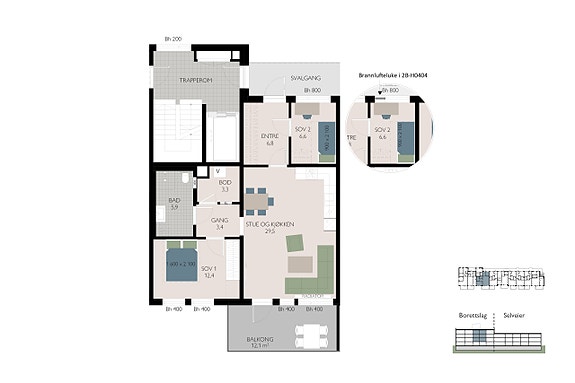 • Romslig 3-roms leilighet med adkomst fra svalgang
==
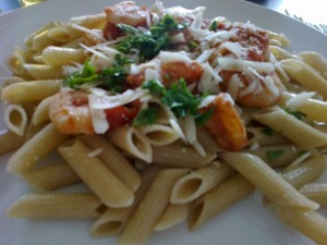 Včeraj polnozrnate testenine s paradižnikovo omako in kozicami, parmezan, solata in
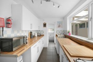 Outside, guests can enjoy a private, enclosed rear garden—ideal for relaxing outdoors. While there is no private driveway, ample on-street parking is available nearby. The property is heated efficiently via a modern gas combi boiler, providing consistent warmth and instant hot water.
...
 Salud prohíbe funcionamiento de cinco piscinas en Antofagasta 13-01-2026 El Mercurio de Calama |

* Task statement *
Given the listing above, repeat exactly the lines starting at the one with "Včeraj polnozrnate testenine" and ending at the one with "Outside, guests can", inclusive, excluding pictures.

* Answer section *
 Včeraj polnozrnate testenine s paradižnikovo omako in kozicami, parmezan, solata in
 Outside, guests can enjoy a private, enclosed rear garden—ideal for relaxing outdoors. While there is no private driveway, ample on-street parking is available nearby. The property is heated efficiently via a modern gas combi boiler, providing consistent warmth and instant hot water.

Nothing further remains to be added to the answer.